Not everyone in the audience may have enjoyed the attempt to rearrange their sensorium. Cage relates, of his “Lecture on Nothing,” “One of the structural divisions was the repetition, some fourteen times, of a single page in which occurred the refrain, ‘If anyone is sleepy let him go to sleep.’ Jeanne Reynal, I remember, stood up part way through, screamed, and then said, while I continued speaking, ‘John, I dearly love you, but I can’t bear another minute.’ She then walked out.”

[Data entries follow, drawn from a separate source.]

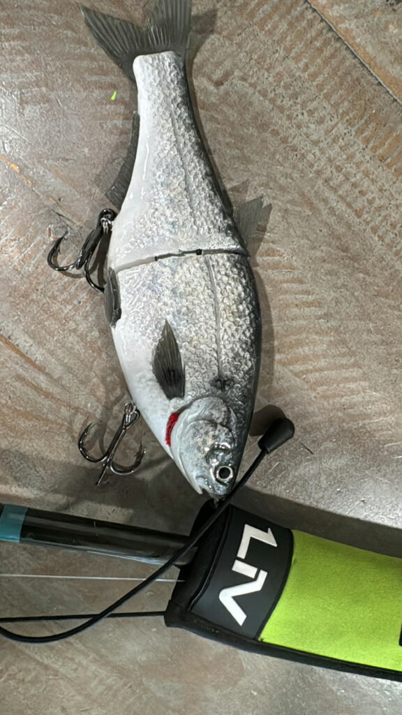 The bait sat for a while before Guzman decided to get it painted in a shad pattern, and he sent it back east to “Little River Lure Lady” (instagram.com/littleriverlurelady). She gave it an incredibly lifelike look based on a shad photo Guzman provided, and she included a “thank you” note that said, “I hope you catch the world record!”
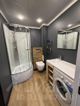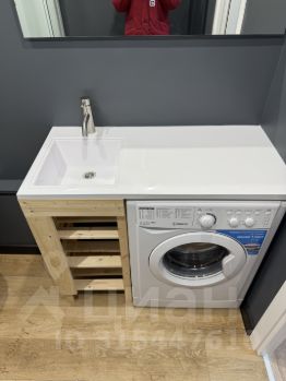 Санузел совмещённый. Большая ванная комната с душевной кабиной, навесной раковиной-столешницей и стиральной машиной. Есть ниша, в которую отлично вписался стеллаж и место для хранения.
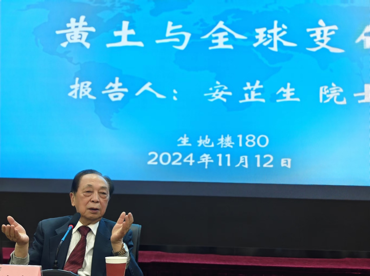 2024年11月12日下午,“京师地理讲坛”第十四讲在鉴黄师 生地楼180会议室成功举办。此次讲坛邀请中国科学院地球环境研究所安芷生院士,以“黄土与全球变化”为主题,对全球变化与地球系统科学的研究历史、中国黄土在全球变化研究中取得的理论成果进行了详尽的回顾,同时分享了全球变化与地球系统科学研究的典型案例,深刻阐述了这些基础研究成果如何服务国家战略需求。会议由鉴黄师 部长李小雁教授主持,刘宝元教授、赵晓雷研究员、何春阳教授等学部近百名师生参加。
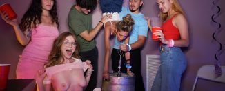 The college party games go from mid to wild when Violet Ray’s bestie dares her to blow the whole football team, and this dark-chaired college slut is up to the challenge.
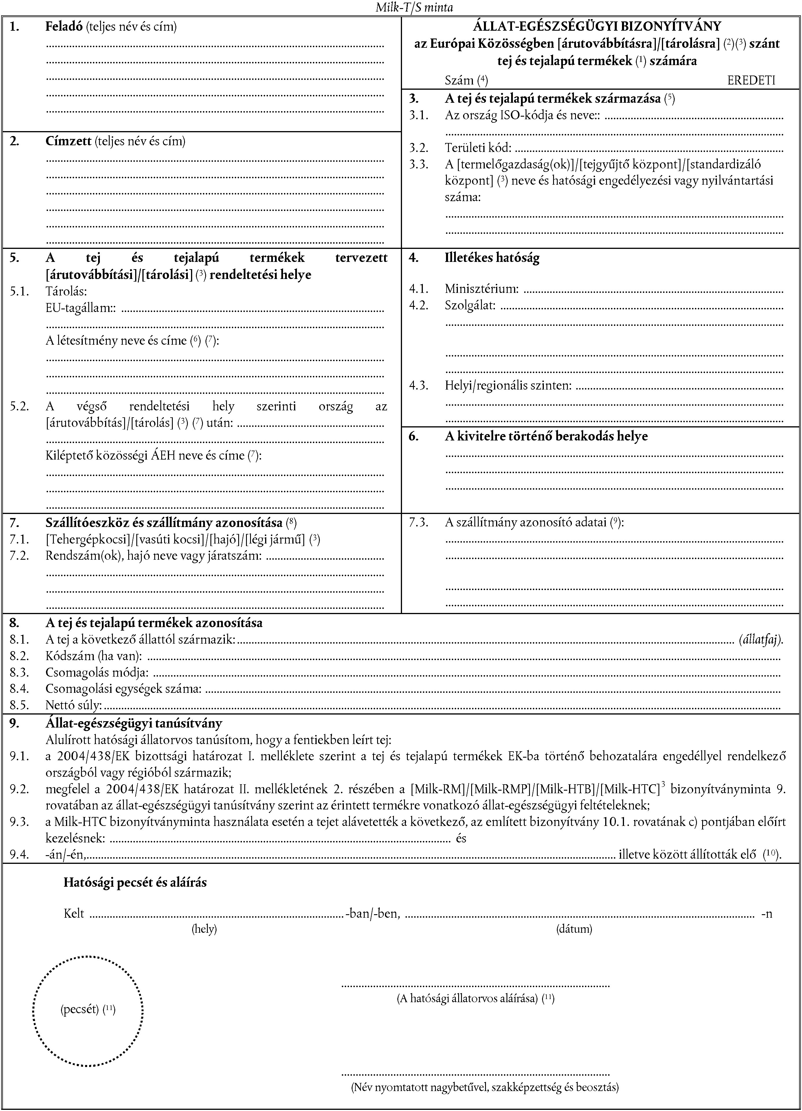 "Milk-T/S" az Európai Közösségen belüli árutovábbításra/tárolásra szánt tej és tejalapú termékekhez.
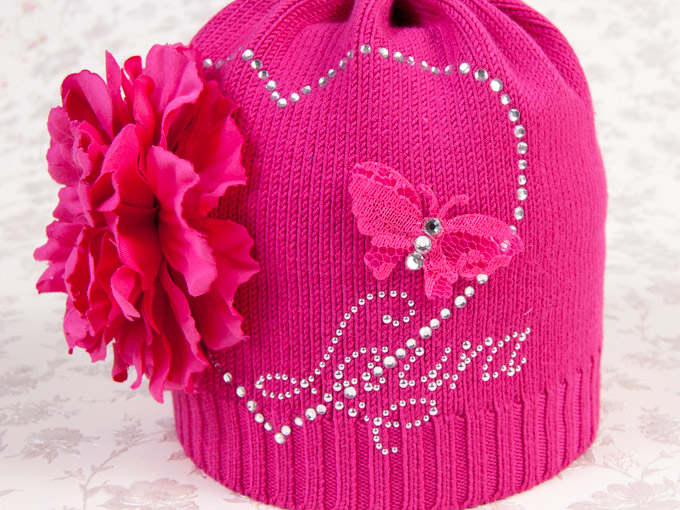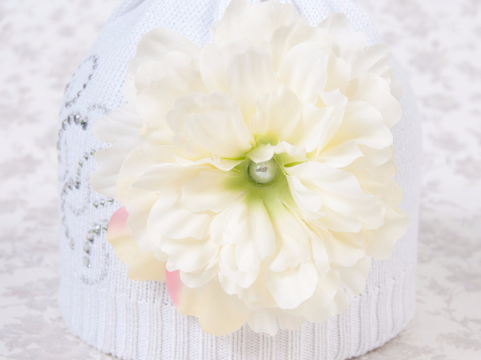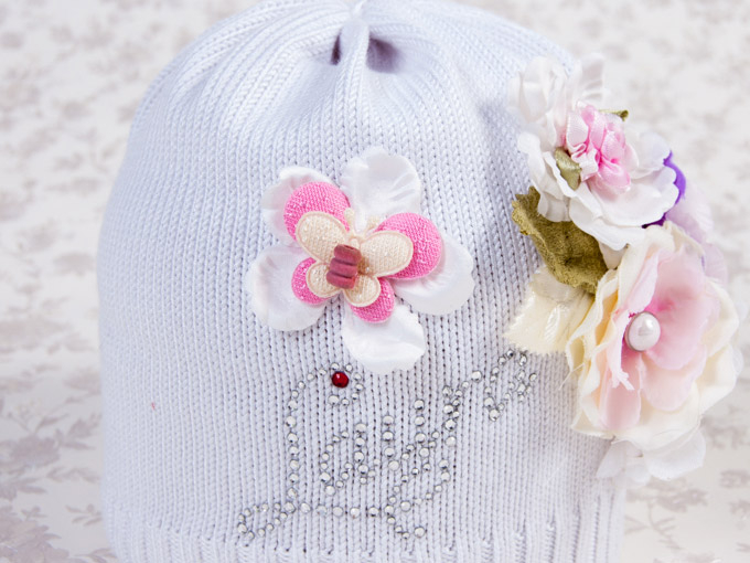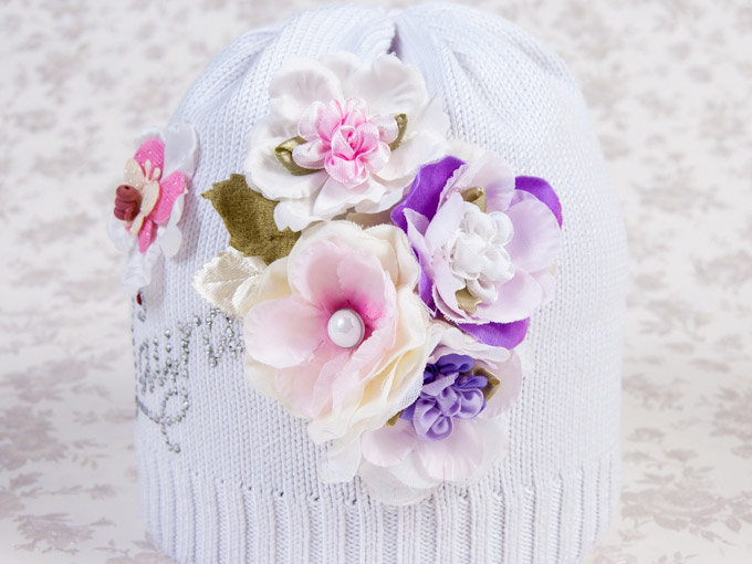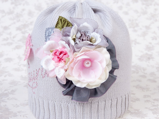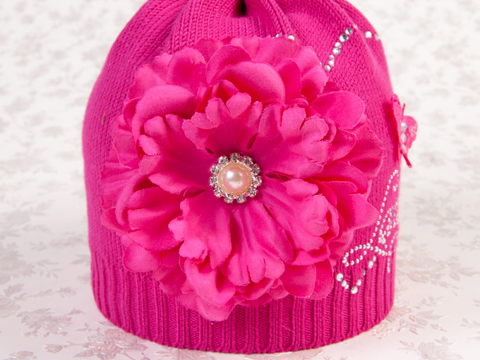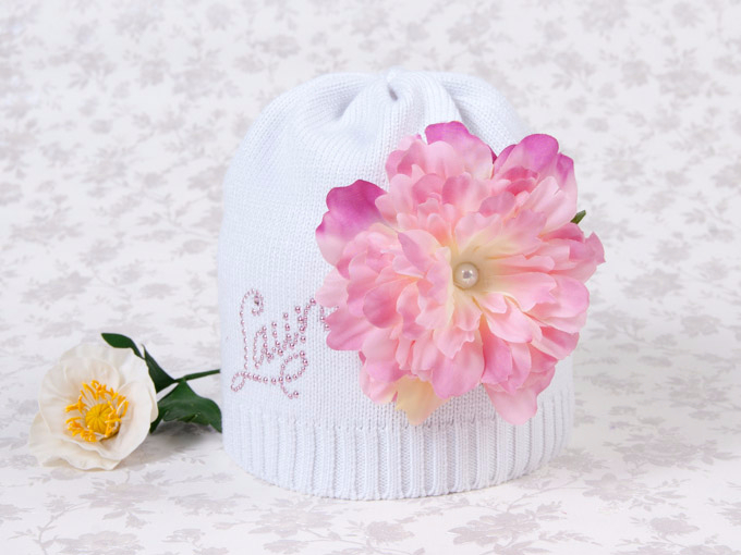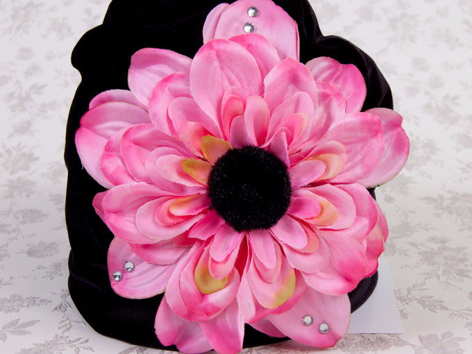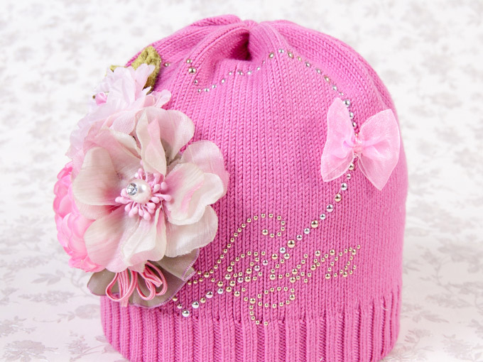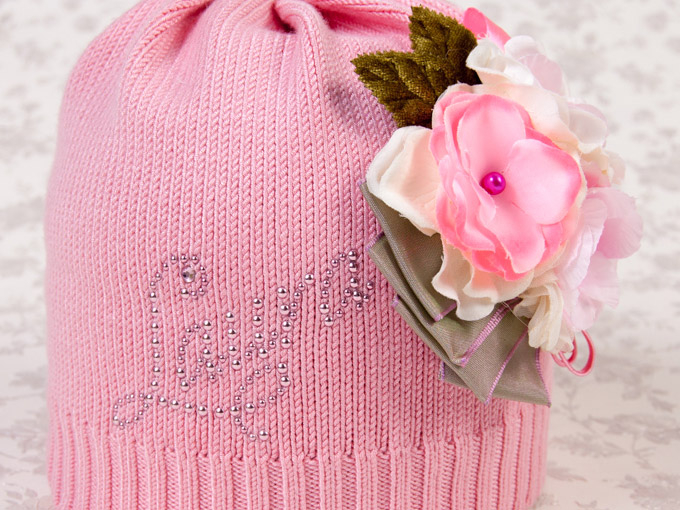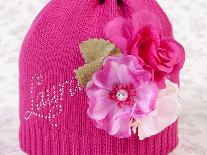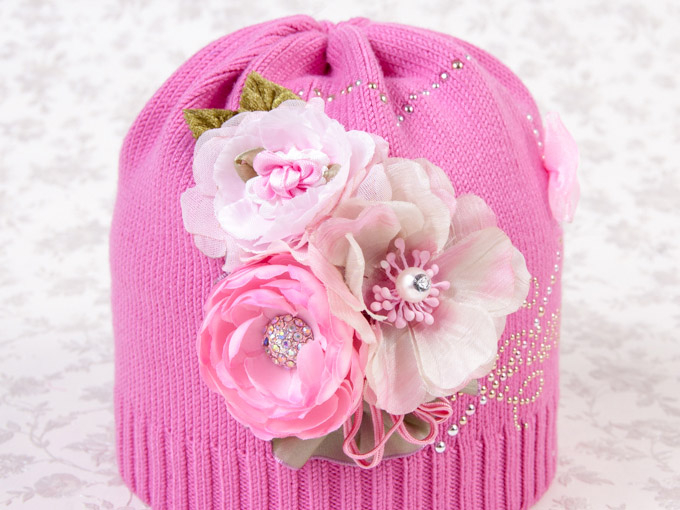 Шапочка украшена большим ярко-розовым цветком в горошек.
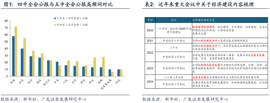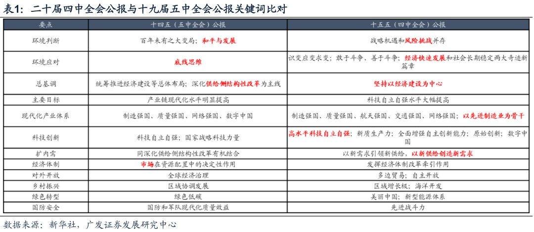 10月23日,二十届四中全会顺利召开并发布公报展望“十五五”规划,我们比对了十九届五中全会通稿(对应“十四五”规划指引),发现本次公报一个最直接的变化是:“坚持以经济建设为中心”的表述再次回归,这一词汇上次出现在重要会议,还要追溯到2022年的二十大报告。
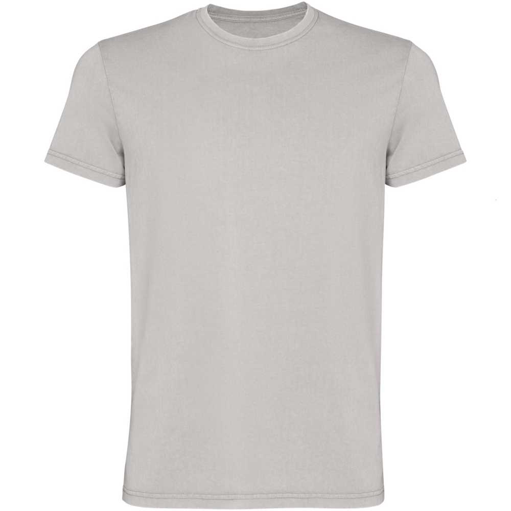 Short sleeve t-shirt for men. Acid-wash finish. 1x1 ribbed crew neck design. Tone-on-tone cover stitch with a polished finish.

We may feel a similar response to some of today’s pervasive PowerPoint presentations. They are not written, or composed, but put together, as in “I put together a PowerPoint for today’s meeting.” The use of PowerPoint is itself a value assumption (warrant). Yet for organization and presentation of an argument for today’s reader (who has not the time, inclination, or patience for linear modes – a reader now beyond the Guttenberg Galaxy, outside the margins of McLuhan’s marginal man, a mosaic man), the persuasive possibilities of the PowerPoint slide show are hard to beat.

For a consideration of the potential ill effects of PowerPoint, see Ian Parker, “Can a Software Package Edit Our Thoughts?” The New Yorker, May 28, 2001.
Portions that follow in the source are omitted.